Programmability is needlessly given to characteristics like compression threshold that should not be variable. The
compression threshold needs to be set to match the dynamic range of speech, not of the patient. More often than not,
however, the threshold is programmed closer to 65 dB SPL than to 45 dB SPL, 20 dB above the softest speech
components.

Compressors with excessively high compression ratios and high compression thresholds merely protect the patient
against painfully loud sounds. They are properly called "compression-limiters", but are often mislabeled "dynamic
range compressors" by the manufacturer to suggest a higher level of performance and a function they do not have.

Some compressors vary the compression ratio as the signal intensity changes. Soft sounds are given less compression
than loud sounds.
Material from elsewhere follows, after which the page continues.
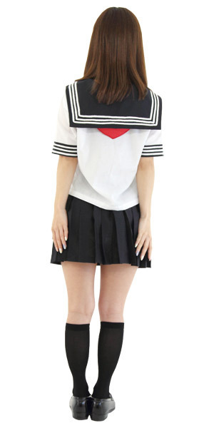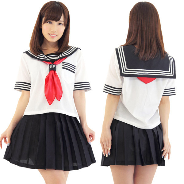 涼しげな夏服仕様の半袖タイプ!セーラー襟や袖のオーソドックスな3本ラインでリアル感も演出!ミニ丈のプリーツスカートがちょっぴりセクシーなスクール系コスチュームです。

The basis for this design is difficult to understand: recruitment is more pronounced near threshold,
with high-level loudness growth closer to normal. (5) Thus, more amplification is called for near threshold, not less.

Mother Nature equipped us with an extraordinarily complex and sophisticated Multi-Band Full Dynamic Range Compression
System in each ear. ReSound hearing devices, though not identical to the original equipment, have been developed with the
utmost respect for Nature's design choices.

References
1. Neely, ST, Dynamic Range Compression in Cochlear Mechanics. Presented at the Third Lake Arrowhead Conference on Issues in
Advanced Hearing Aid Research, Lake Arrowhead, California, June 1994.

2. Allen, .JB and Neely, ST, Micromechanical Models of the Cochlea, Physics Today, July 1992.

3. Waldhauer, FD and Villchur, E, Full Dynamic Range Multiband Compression In a Hearing Aid, The Hearing Journal, September 1988.

4. Kates, JM, Hearing-Aid Design Criteria. Journal of Speech-Language Pathology and Audiology, Monograph Supplement 1, January 1993.

5. Killion, MC, Design and Evaluation of High-Fidelity Hearing Aids, Ph.D. dissertation, Northwestern University, 1979.